Background Eighty percent of patients presenting to ambulance services present with pain. Pain is sometimes inadequately assessed and treated. Effective pain management can improve patient outcomes and experience. Previous qualitative research suggested that numerical verbal pain scores, usually used to assess pain in the ambulance setting, were poorly understood. We developed a new tool, the ‘Patient Reported Outcome Measure for Pain Treatment’ (PROMPT), to address this need. Initial testing showed that PROMPT had reliability and (face, content and predictive) validity. We aimed to investigate the effectiveness of PROMPT.
Methods We used a non-randomised control group design in adult patients with chest pain or injury treated by intervention paramedics using PROMPT compared with control paramedics following usual practice for pain outcomes (reduction in pain score, use of analgesia). Routine data from electronic patient records were used to measure outcomes. We collected baseline rates of outcomes in patients treated by intervention and control paramedics, in a seven month period one year previously, to adjust for secular trends. The study was conducted in East Midlands Ambulance Service.

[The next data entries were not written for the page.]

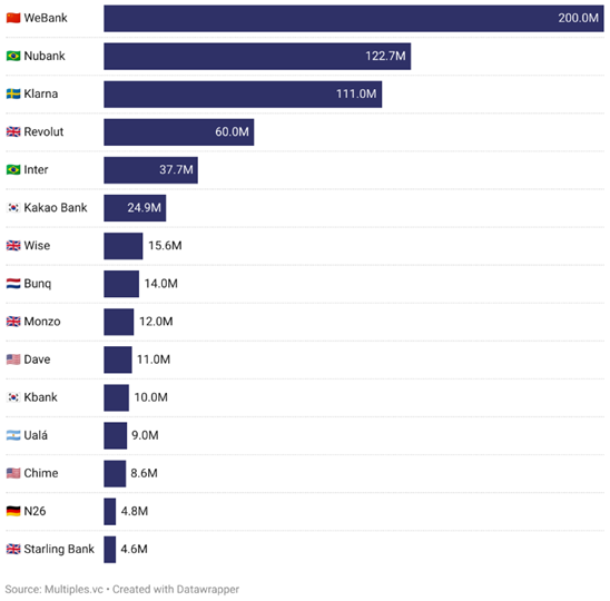 Source: Customer base of the largest neobanks, Multiples.vc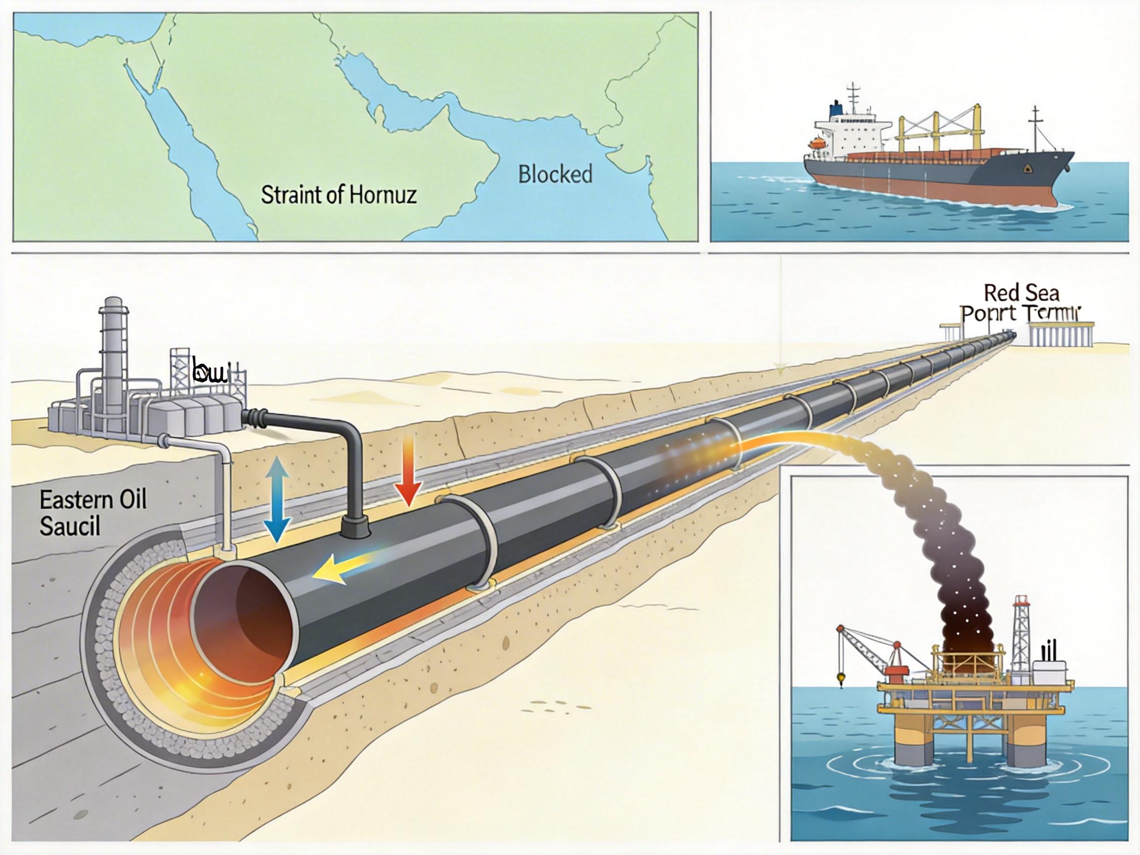 这条长1200公里的管道,原本是1980年代两伊战争期间沙特埋下的“后手”——绕过霍尔木兹海峡,把东部油田的原油直接送到红海延布港出口。在和平年代,它的存在感并不强,霍尔木兹海峡承担着沙特90%以上的石油海运量。但2026年2月底霍尔木兹海峡被封锁后,一切都变了:沙特被迫关停了萨法尼亚、马坚等海上油田,95%的石油出口转向这条设计最大运力700万桶/日的管道,其中约500万桶用于出口,剩下的200万桶要供应国内红海沿岸的炼厂、电厂和海水淡化厂。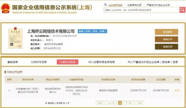 处罚时间:2018年7月13日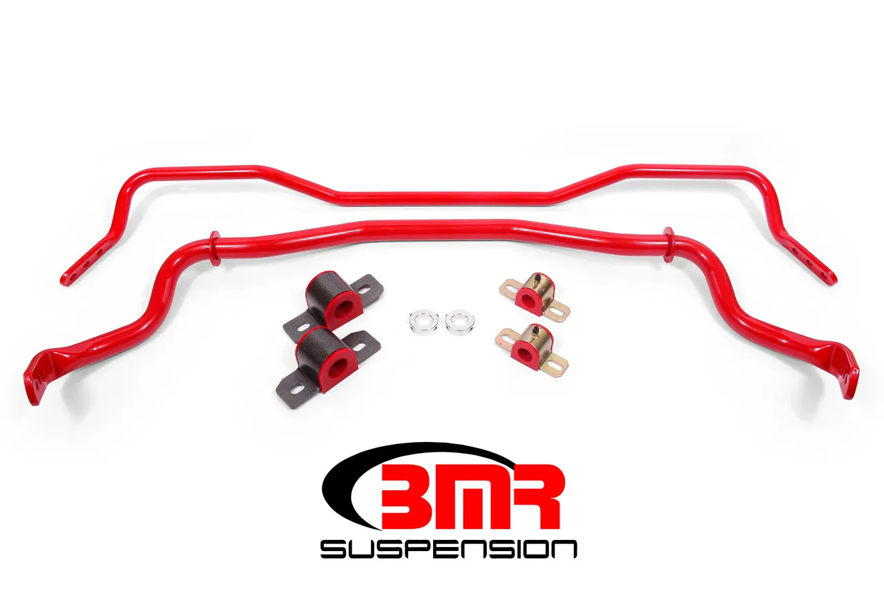 BMR Suspension's SB043 front and rear sway bar kit was designed by factoring in the vehicle weight, application, motion ratio, coil spring rate, and adjustability requirements. Manufactured from heavy-duty 35mm (front) and 25mm (rear)DOM steel tubing, the SB043 is cold formed to better resist torsional fatigue and retain its "memory" far longer than the hot-formed bars used by many competitors. The sway bar is CNC-formed for exact manufacturing tolerances and repeatable high quality.Thrust washers are welded to the front bar to locate the sway bar bushing mounts. This is critical as it properly locates the sway bar and prevents lateral movement during hard cornering maneuvers The SB043 attaches to your S550 Mustang with polyurethane bushings, reducing the deflection from the stock rubber bushings. These bushings are molded from 88-durometer, low-deflection, polyurethane, and are internally fluted to keep grease in the bushing. BMR Suspension designed the SB043 sway bar kit for street performance, autocross, and road race applications. The large adjustable sway bars' three positions give you the versatility to drive to and from the road course or autocross and still out handle the competition with the same sway bars. The SB043 front sway bar gives you a 28%-70% increase in sway bar rate, and the rear bar gives you a 63%-208% increase in rate over the stock bar. These rate increases and adjustability allow you to fine-tune the handling characteristics of your S550 Mustang so you can drive harder through corners with minimal body roll. The hollow design allows for loads of strength in the lightest package possible. This means increased performance with no sacrifices. The SB043 attaches to your Mustang with 88-durometer polyurethane bushings, reducing the deflection from the stock rubber bushings. This allows for more sway bar control, which equals better handling.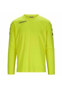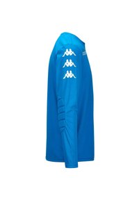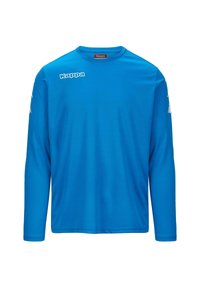 T-shirt de sport à manches longues bleu en tissu lisse ; arbore le logo Kappa en blanc sur la poitrine et les manches. Design léger et décontracté.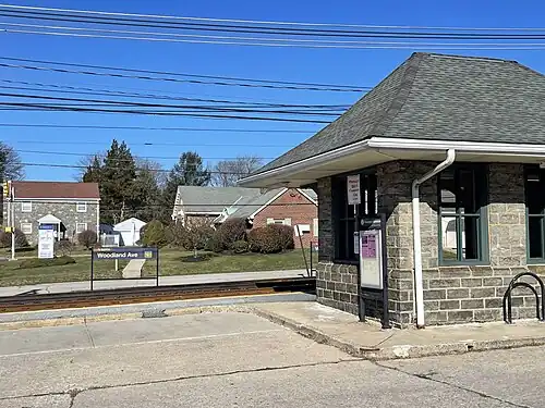 Woodland Avenue station is a stop on the D in Springfield Township, Delaware County, Pennsylvania. It is officially located on Woodland Avenue (PA 420) and Rolling Road, though Rolling Road is actually a block north of the tracks. A school and athletic field exists at the end of that intersection.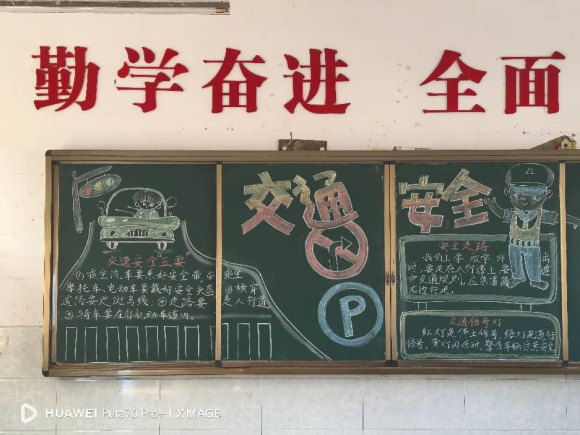 黑板报 +宣传栏,营造浓厚氛围。为让交通安全教育入脑入心,学校组织各班级开展交通安全主题黑板报创作活动。同学们发挥想象力和创造力,以漫画、儿歌、标语、知识问答等多种形式,将交通安全知识融入版面设计中。一幅幅色彩鲜艳、内容丰富的黑板报,成为班级里一道独特的“安全风景线”,既锻炼了学生的动手能力,又让大家在创作和观赏中巩固了交通安全知识。同时,学校还更新了校园交通安全主题宣传栏,通过清晰的图文、实用的贴士,全方位普及过马路、乘车、骑行等不同场景下的交通安全规范,让学生在校园内随时能学习、受教育,营造出“人人学交通法规、个个守交通规则”的浓厚氛围。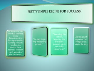 Focus on excelling at your current job rather than focusing on future roles. Get to know your organization inside and out by learning the details of the business from the ground up. Make logical decisions by gaining a deep understanding of the company in order to ensure its success. Develop the ability to break down complicated issues into fundamental parts and find simple solutions.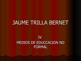 El documento describe varios medios y tecnologías de educación no formal. Estos incluyen medios itinerantes que llevan recursos educativos a las comunidades, el uso de medios de comunicación como la radio y la televisión con fines educativos, y las nuevas tecnologías como ordenadores, sistemas hipermedia e internet para difundir información y permitir la enseñanza a distancia.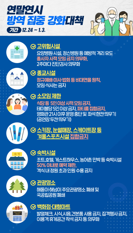 또한, 연말연시에 인파가 몰리는 주요 관광명소 및 국공립공원 등은 전면 폐쇄되며, 대규모 집단감염이 계속되고 있는 요양병원, 요양시설 등 취약시설은 외부인 출입통제, 종사자 사적모임 금지, 2주마다 선제검사를 실시하게 된다.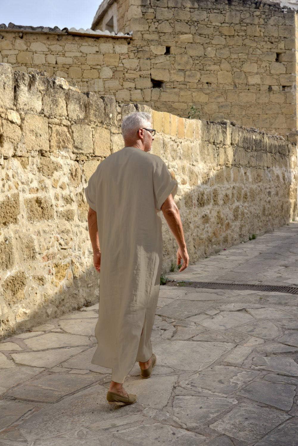 COOFANDY Men’s V-Neck Linen Robe Short Sleeve Kaftan Thobe Long Gown Casual Shirt for Beach, Summer(Khaki)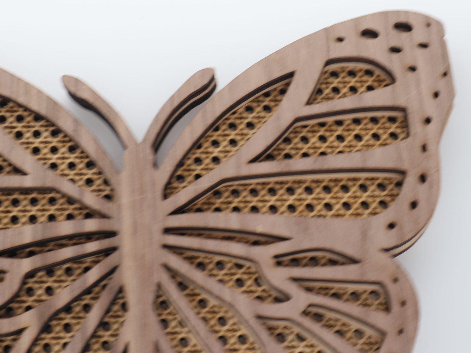 Suchen Sie nach einem Wandbild, das Ihr Zuhause schmückt und gleichzeitig Ihre Persönlichkeit widerspiegelt? Dann ist der Schmetterling aus hochwertigem Nussbaum Sperrholz und Ahorn Ratanmuster mit einem Laser ausgeschnitten, das perfekte Kunstwerk für Sie!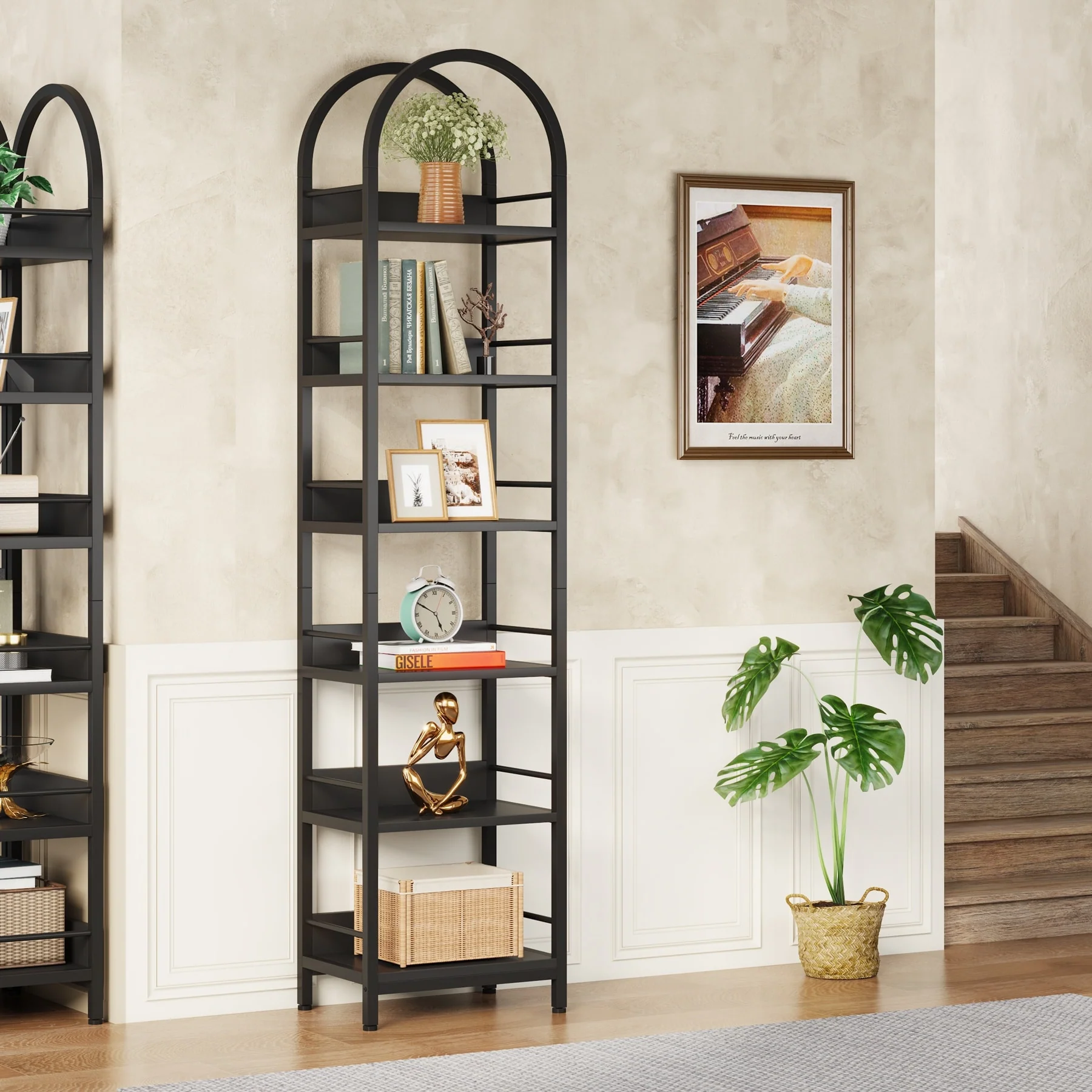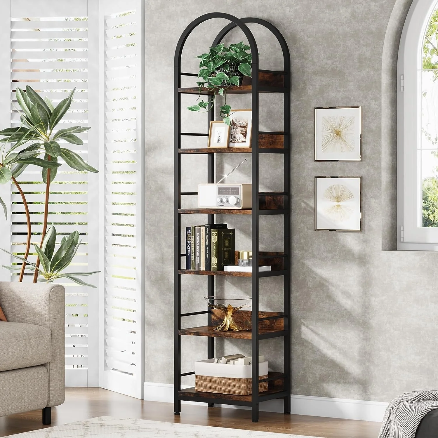 6-Tier Open Bookshelf, Tall Arched Bookcase Narrow Bookshelf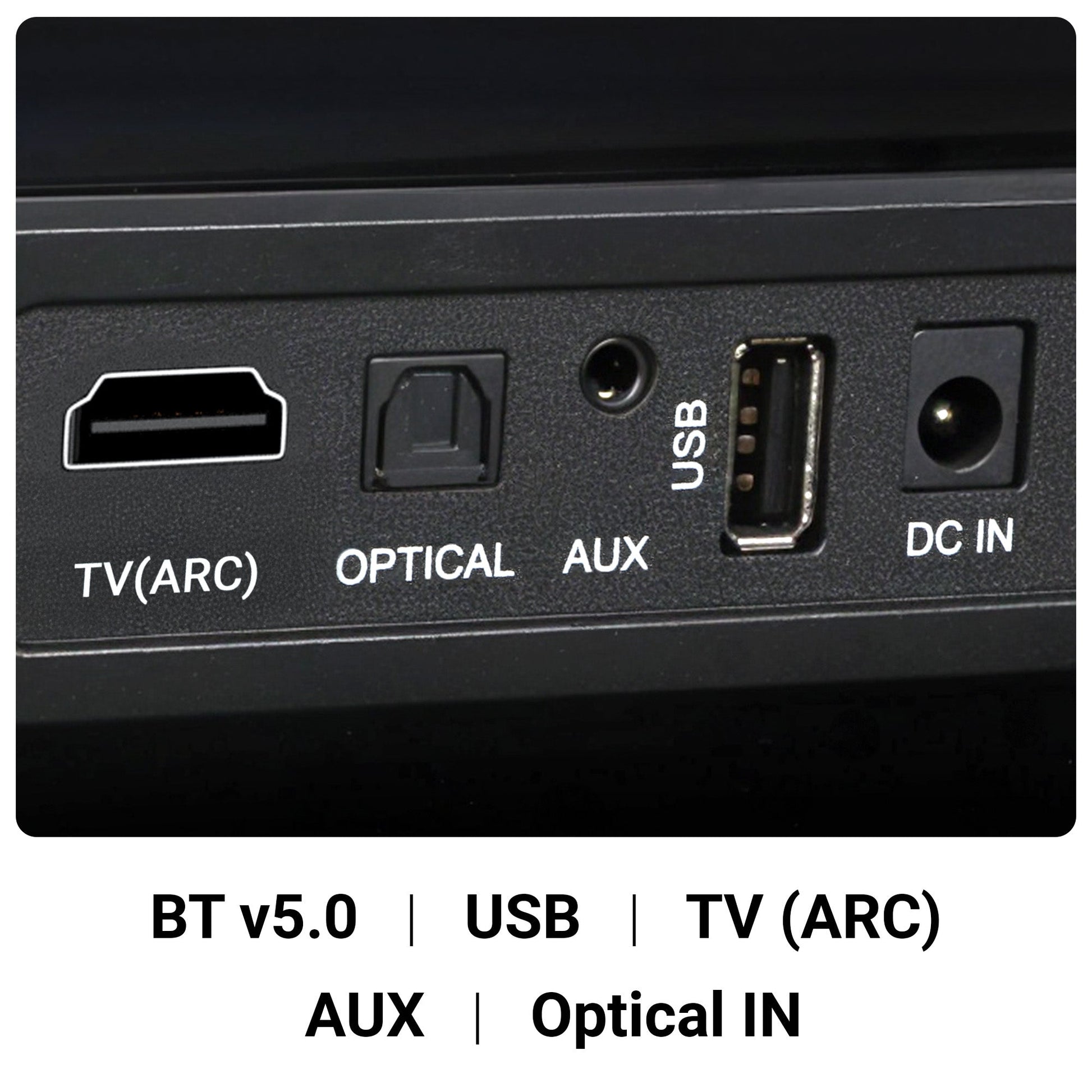BT v5.0 | HDMI (ARC) | Optical IN | USB | AUX

We used regression analysis to compare groups for differences in pain score change and use of analgesics correcting for baseline rates and demographic differences.
Results Twenty-five intervention paramedics used PROMPT (of 35 who were trained in its use) treating 300 patients over a seven month period. Data for these and 848 patients treated by 106 control paramedics were entered into SPSS and STATA12 for analysis. Mean reductions in pain score ( p<0.001) and use of analgesics was significantly greater (p<0.001) in patients managed by paramedics using PROMPT compared with those receiving usual care after adjusting for patient age, sex, clinical condition and baseline rates.
Conclusion Use of the PROMPT resulted in greater reductions in pain score and increased use of analgesics compared with usual care.